Reproduce all the data exactly, without pictures.

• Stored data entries
=== Section Start ===

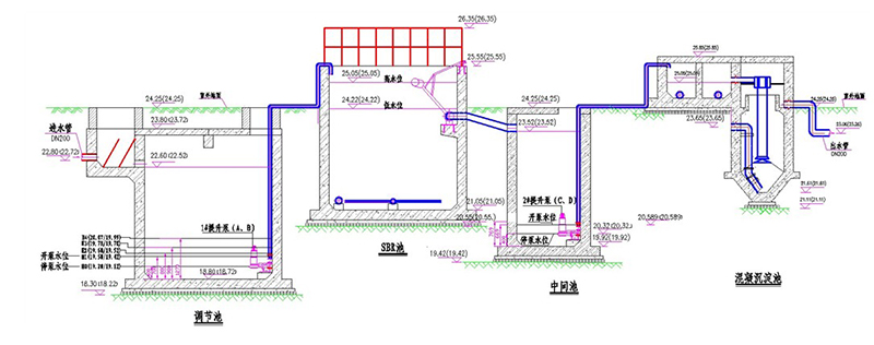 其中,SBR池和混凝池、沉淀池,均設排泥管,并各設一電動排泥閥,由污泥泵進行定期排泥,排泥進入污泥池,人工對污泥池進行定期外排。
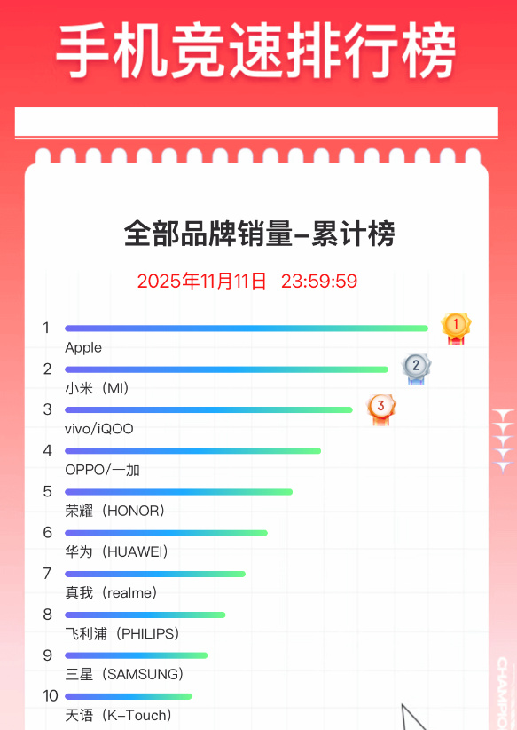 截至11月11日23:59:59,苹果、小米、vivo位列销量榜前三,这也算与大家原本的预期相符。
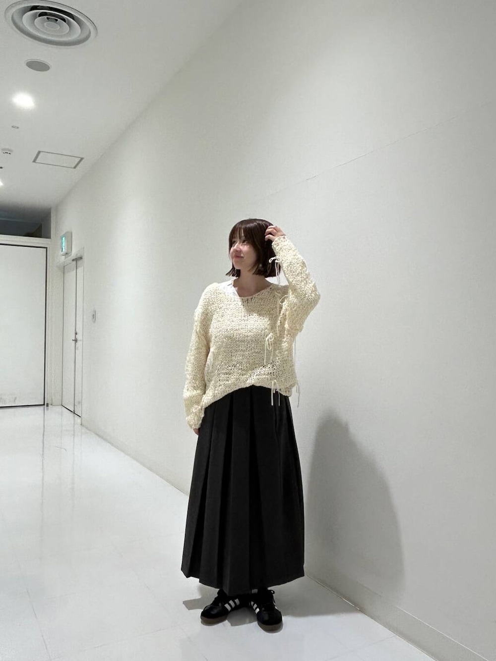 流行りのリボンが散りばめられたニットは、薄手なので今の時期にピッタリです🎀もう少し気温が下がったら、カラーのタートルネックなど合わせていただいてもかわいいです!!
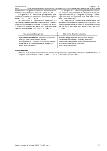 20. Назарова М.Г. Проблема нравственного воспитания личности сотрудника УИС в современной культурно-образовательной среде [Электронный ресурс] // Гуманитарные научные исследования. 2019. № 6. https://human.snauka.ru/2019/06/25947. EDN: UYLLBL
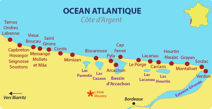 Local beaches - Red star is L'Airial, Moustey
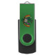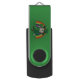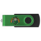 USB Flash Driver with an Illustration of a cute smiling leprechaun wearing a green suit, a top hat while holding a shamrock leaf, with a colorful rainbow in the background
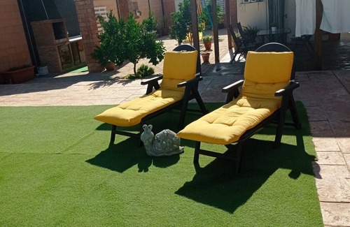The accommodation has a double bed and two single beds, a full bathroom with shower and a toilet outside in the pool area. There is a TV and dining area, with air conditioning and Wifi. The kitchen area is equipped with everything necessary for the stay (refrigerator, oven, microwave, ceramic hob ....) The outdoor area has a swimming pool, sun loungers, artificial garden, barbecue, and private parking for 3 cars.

=== Section End ===

• Response
 其中,SBR池和混凝池、沉淀池,均設排泥管,并各設一電動排泥閥,由污泥泵進行定期排泥,排泥進入污泥池,人工對污泥池進行定期外排。
 截至11月11日23:59:59,苹果、小米、vivo位列销量榜前三,这也算与大家原本的预期相符。
 流行りのリボンが散りばめられたニットは、薄手なので今の時期にピッタリです🎀もう少し気温が下がったら、カラーのタートルネックなど合わせていただいてもかわいいです!!
 20. Назарова М.Г. Проблема нравственного воспитания личности сотрудника УИС в современной культурно-образовательной среде [Электронный ресурс] // Гуманитарные научные исследования. 2019. № 6. https://human.snauka.ru/2019/06/25947. EDN: UYLLBL
 Local beaches - Red star is L'Airial, Moustey
 USB Flash Driver with an Illustration of a cute smiling leprechaun wearing a green suit, a top hat while holding a shamrock leaf, with a colorful rainbow in the background
The accommodation has a double bed and two single beds, a full bathroom with shower and a toilet outside in the pool area. There is a TV and dining area, with air conditioning and Wifi. The kitchen area is equipped with everything necessary for the stay (refrigerator, oven, microwave, ceramic hob ....) The outdoor area has a swimming pool, sun loungers, artificial garden, barbecue, and private parking for 3 cars.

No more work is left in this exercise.